[[ SOURCE MATERIAL, beginning ]]

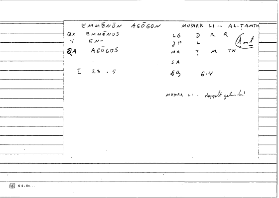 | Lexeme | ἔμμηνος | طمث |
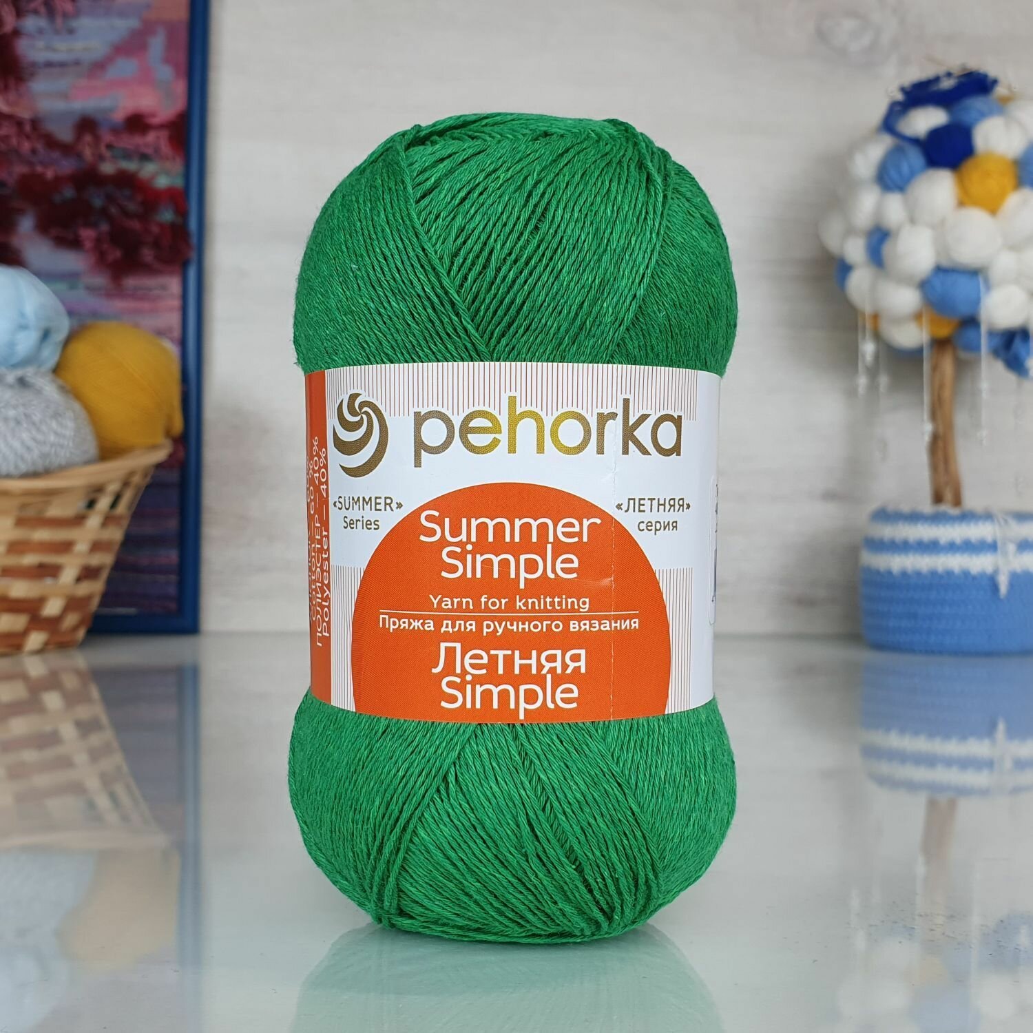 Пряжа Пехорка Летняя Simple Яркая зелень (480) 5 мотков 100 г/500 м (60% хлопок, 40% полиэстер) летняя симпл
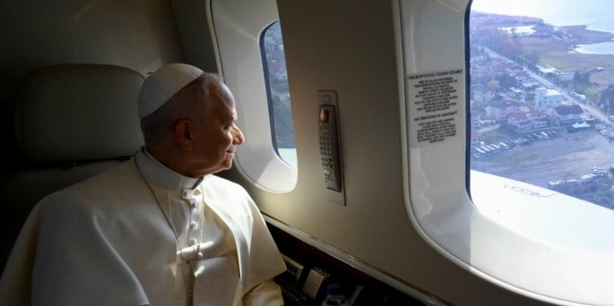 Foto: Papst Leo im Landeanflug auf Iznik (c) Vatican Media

[[ SOURCE MATERIAL, end ]]

* PROBLEM TO WORK ON *
Repeat the material exactly as it reads, without any of its pictures.

* RESPONSE TO THIS TASK *
 | Lexeme | ἔμμηνος | طمث |
 Пряжа Пехорка Летняя Simple Яркая зелень (480) 5 мотков 100 г/500 м (60% хлопок, 40% полиэстер) летняя симпл
 Foto: Papst Leo im Landeanflug auf Iznik (c) Vatican Media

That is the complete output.